Task prompt: Using the data below, return word for word every line from the one holding "Nagrodzeni w rodzinnym" down to the one holding "Kivinavetta on rakennettu vuonna 1914.". Leave pictures out.

Data to examine:
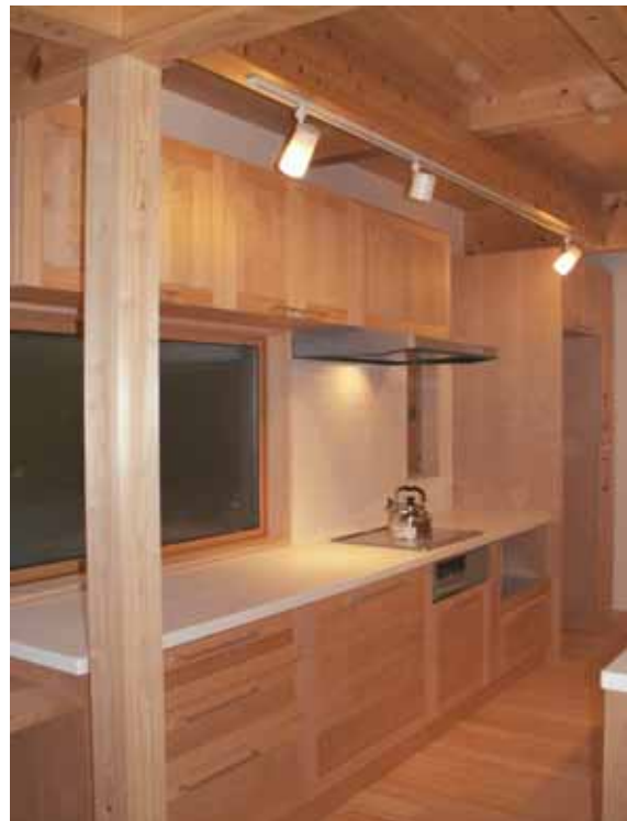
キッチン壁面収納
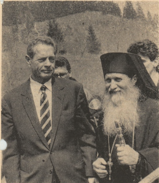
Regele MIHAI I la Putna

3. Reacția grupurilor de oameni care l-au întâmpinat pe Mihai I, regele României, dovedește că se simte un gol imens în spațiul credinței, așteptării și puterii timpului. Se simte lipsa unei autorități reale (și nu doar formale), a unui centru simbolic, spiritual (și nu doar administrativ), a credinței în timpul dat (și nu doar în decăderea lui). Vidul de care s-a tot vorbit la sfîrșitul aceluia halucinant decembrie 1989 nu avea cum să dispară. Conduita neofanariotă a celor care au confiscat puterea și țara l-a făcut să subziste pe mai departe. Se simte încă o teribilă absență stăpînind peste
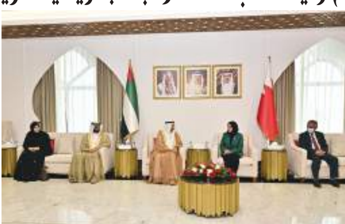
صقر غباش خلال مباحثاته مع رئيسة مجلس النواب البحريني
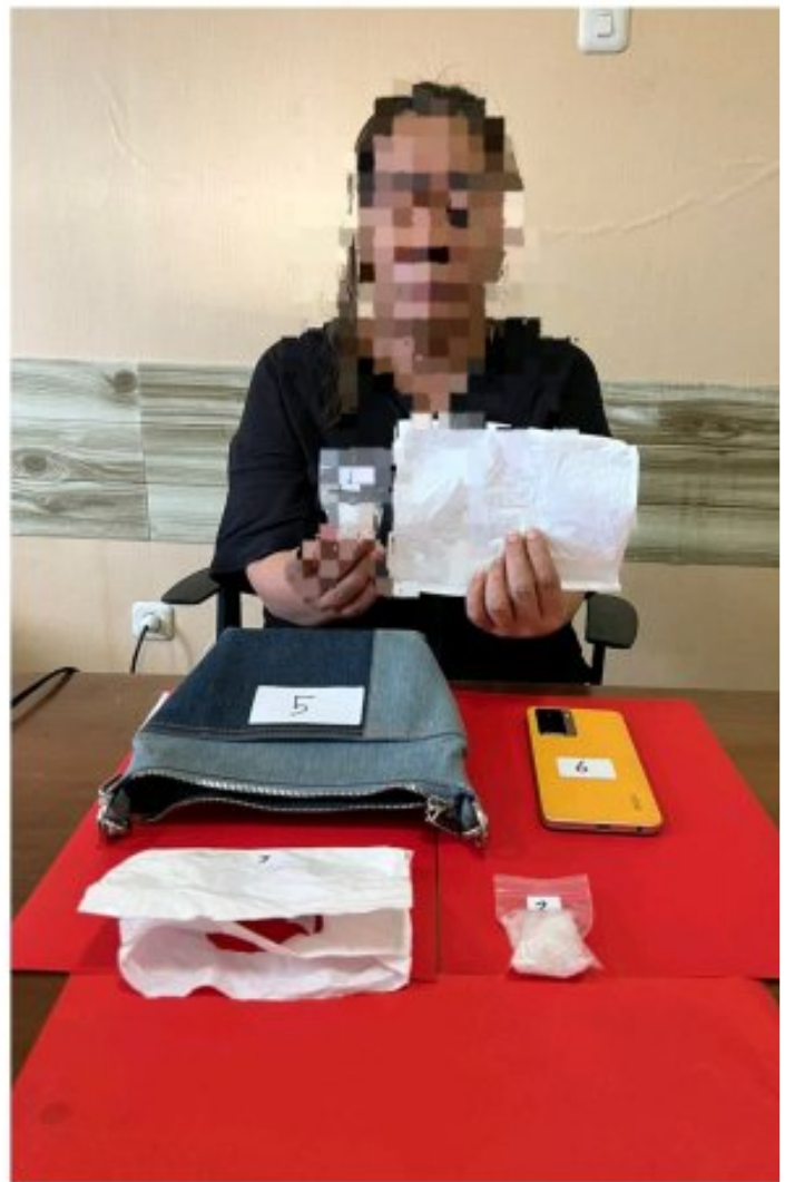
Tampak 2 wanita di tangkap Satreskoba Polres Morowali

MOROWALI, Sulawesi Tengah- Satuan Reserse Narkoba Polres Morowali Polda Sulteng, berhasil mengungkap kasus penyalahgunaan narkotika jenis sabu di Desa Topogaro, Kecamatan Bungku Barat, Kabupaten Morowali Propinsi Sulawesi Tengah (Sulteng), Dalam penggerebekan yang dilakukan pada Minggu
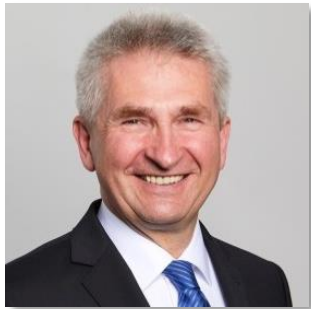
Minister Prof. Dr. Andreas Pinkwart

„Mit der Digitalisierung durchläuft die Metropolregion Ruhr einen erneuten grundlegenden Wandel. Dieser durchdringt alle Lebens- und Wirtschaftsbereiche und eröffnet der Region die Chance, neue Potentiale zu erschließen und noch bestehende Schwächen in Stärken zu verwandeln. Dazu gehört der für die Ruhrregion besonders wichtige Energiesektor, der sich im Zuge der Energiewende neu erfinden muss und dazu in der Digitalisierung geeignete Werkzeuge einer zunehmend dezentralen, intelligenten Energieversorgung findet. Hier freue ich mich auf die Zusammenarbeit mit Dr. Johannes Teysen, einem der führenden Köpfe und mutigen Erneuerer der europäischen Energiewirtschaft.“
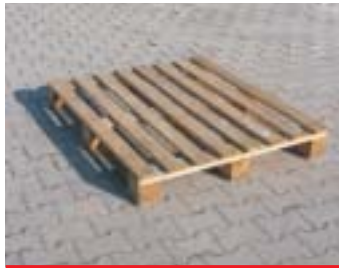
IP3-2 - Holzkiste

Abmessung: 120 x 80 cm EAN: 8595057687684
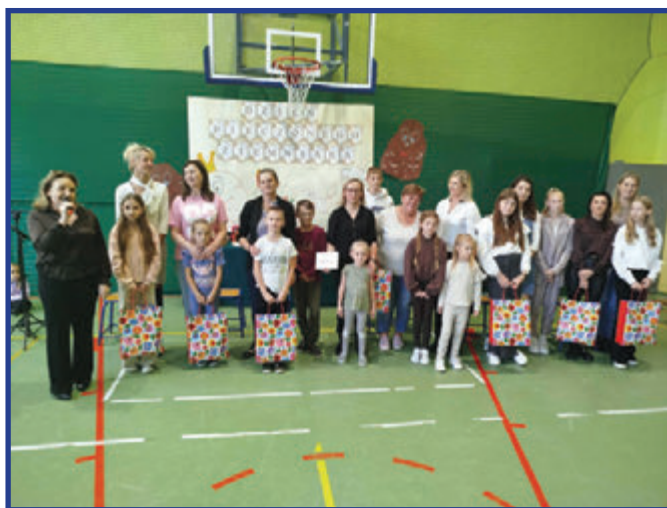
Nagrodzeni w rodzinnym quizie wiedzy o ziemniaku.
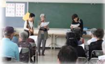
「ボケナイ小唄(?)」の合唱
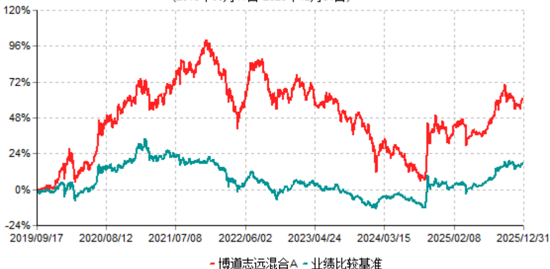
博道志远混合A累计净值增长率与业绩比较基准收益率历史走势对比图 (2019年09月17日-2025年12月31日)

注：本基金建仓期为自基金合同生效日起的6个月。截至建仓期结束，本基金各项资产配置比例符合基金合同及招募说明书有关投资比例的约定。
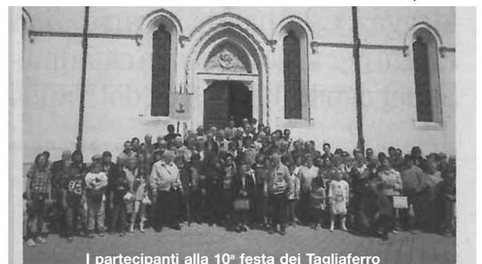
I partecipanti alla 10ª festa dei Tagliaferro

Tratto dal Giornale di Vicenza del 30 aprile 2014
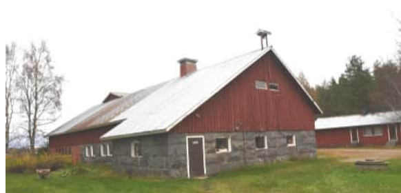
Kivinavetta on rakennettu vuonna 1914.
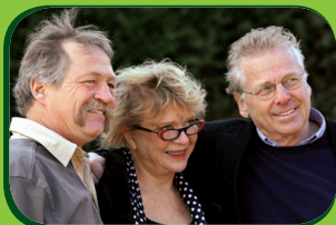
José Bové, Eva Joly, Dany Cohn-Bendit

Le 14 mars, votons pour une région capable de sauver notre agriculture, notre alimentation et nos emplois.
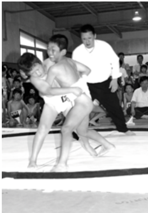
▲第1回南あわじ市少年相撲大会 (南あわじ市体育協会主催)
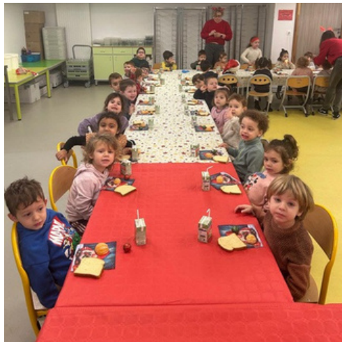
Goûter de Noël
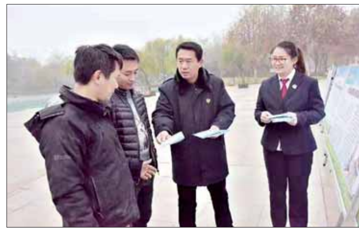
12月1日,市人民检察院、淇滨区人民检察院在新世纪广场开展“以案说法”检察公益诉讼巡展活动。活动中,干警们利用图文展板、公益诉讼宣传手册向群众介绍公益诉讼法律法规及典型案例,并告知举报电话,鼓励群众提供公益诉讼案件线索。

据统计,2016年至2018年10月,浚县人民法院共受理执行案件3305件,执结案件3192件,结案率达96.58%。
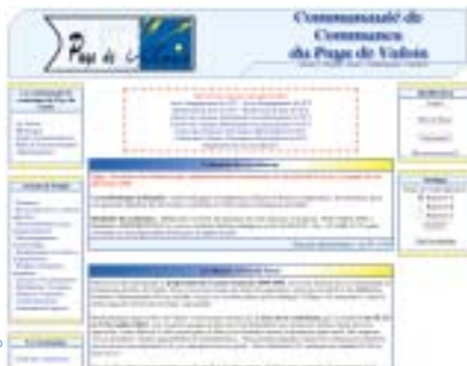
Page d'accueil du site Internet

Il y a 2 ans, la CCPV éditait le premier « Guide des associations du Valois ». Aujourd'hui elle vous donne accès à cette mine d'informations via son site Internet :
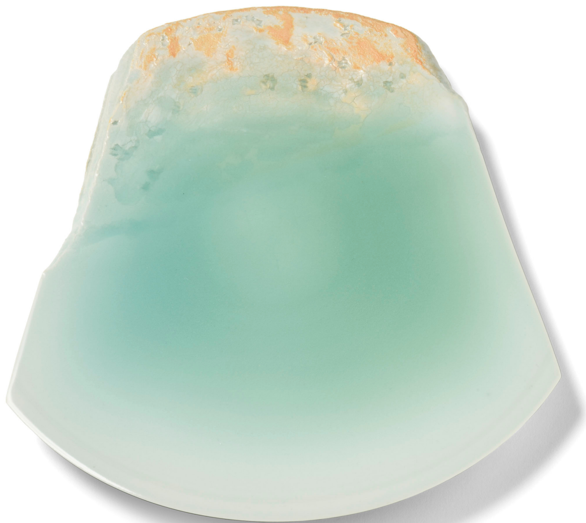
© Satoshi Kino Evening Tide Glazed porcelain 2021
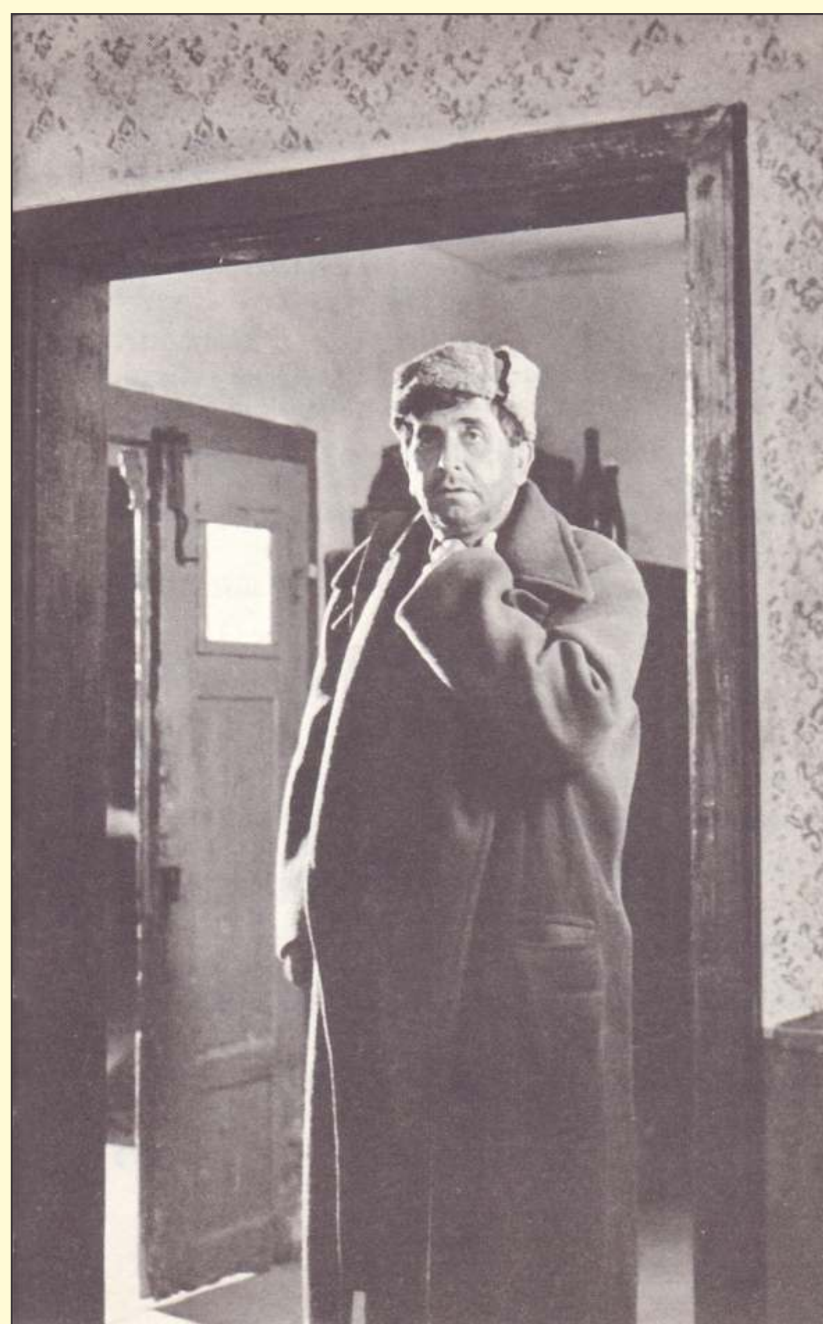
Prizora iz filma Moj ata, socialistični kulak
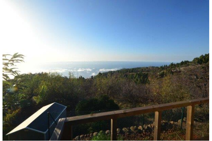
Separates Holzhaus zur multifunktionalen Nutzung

Output for this task:
Nagrodzeni w rodzinnym quizie wiedzy o ziemniaku.
「ボケナイ小唄(?)」の合唱
博道志远混合A累计净值增长率与业绩比较基准收益率历史走势对比图 (2019年09月17日-2025年12月31日)

注：本基金建仓期为自基金合同生效日起的6个月。截至建仓期结束，本基金各项资产配置比例符合基金合同及招募说明书有关投资比例的约定。
I partecipanti alla 10ª festa dei Tagliaferro

Tratto dal Giornale di Vicenza del 30 aprile 2014
Kivinavetta on rakennettu vuonna 1914.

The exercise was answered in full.